The outer two loops are independent from each other, while the innermost loop only depends on i
. There is a single operation (increment) in the innermost loop, which means that the number of visits to the innermost loop equals the summation result.
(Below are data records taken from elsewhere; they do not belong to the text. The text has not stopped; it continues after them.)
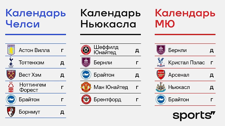Календарь «Челси» не назвать простым. Два следующих тура лондонцы проведут против команд, которые борются за ЛЧ: выезд к «Астон Вилле» и домашняя встреча с «Тоттенхэмом». Дальше попроще: потухший «Вест Хэм», непонятный «Ноттингем», подбитый травмами «Брайтон» и не особо мотивированный «Борнмут».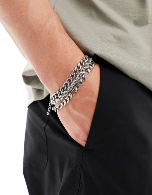 ASOS DESIGN – 3er-Pack silberfarbene Kettenarmbänder aus wasserfestem Edelstahl
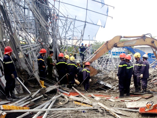 Chiều muộn 10/7 cảnh sát cứu hộ vẫn nỗ lực tìm kiếm nạn nhân còn kẹt trong đống giàn giáo khổng lồ bị sập ở công trình xây dựng tòa nhà 17 tầng trên đường Nguyễn Văn Linh (phường Tân Phong, quận 7). Các xe máy xúc, xe nâng liên tục di chuyển từng khối sắt thép, bêtông đổ nát ra ngoài. Trước đó, ngoài 4 người bị thương, 2 công nhân tử vong đã được tìm thấy.
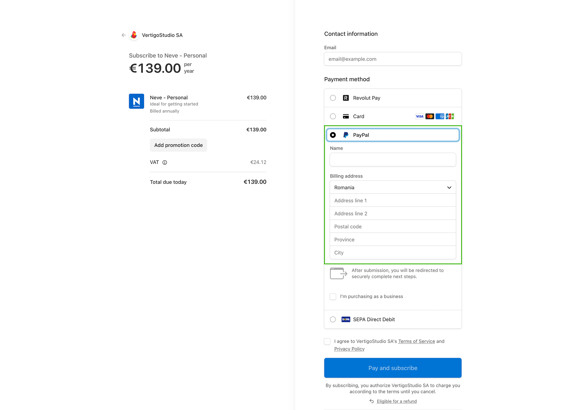 We use Stripe as the payment processor for all new subscriptions. After choosing the desired plan (for example, for the Neve theme, choose a plan on this page), the Stripe Checkout page will show the available payment methods for your country, including PayPal.

\sum_i=1..( floor(ld(N)) ) {
\sum_j=1..( floor(ld(N)) ) {
\sum_k=1..2^i { 1 }
}
}
// adjust innermost summation bounds
= \sum_i=1..( floor(ld(N)) ) {
\sum_j=1..( floor(ld(N)) ) {
-1 + \sum_k=0..2^i { 1 }
}
}
// swap outer summations and resolve innermost summation
= \sum_j=1..( floor(ld(N)) ) {
\sum_i=1..( floor(ld(N)) ) {
2^i
}
}
// resolve inner summation
= \sum_j=1..( floor(ld(N)) ) {
2^(floor(ld(N)) + 1) - 2
}
// resolve outer summation
= ld(N) * N - 2 * floor(ld(N))
This amounts to O(N log N)
( the second term in the expression vanishes asymptotically wrt to the first ) in Big-Oh notation.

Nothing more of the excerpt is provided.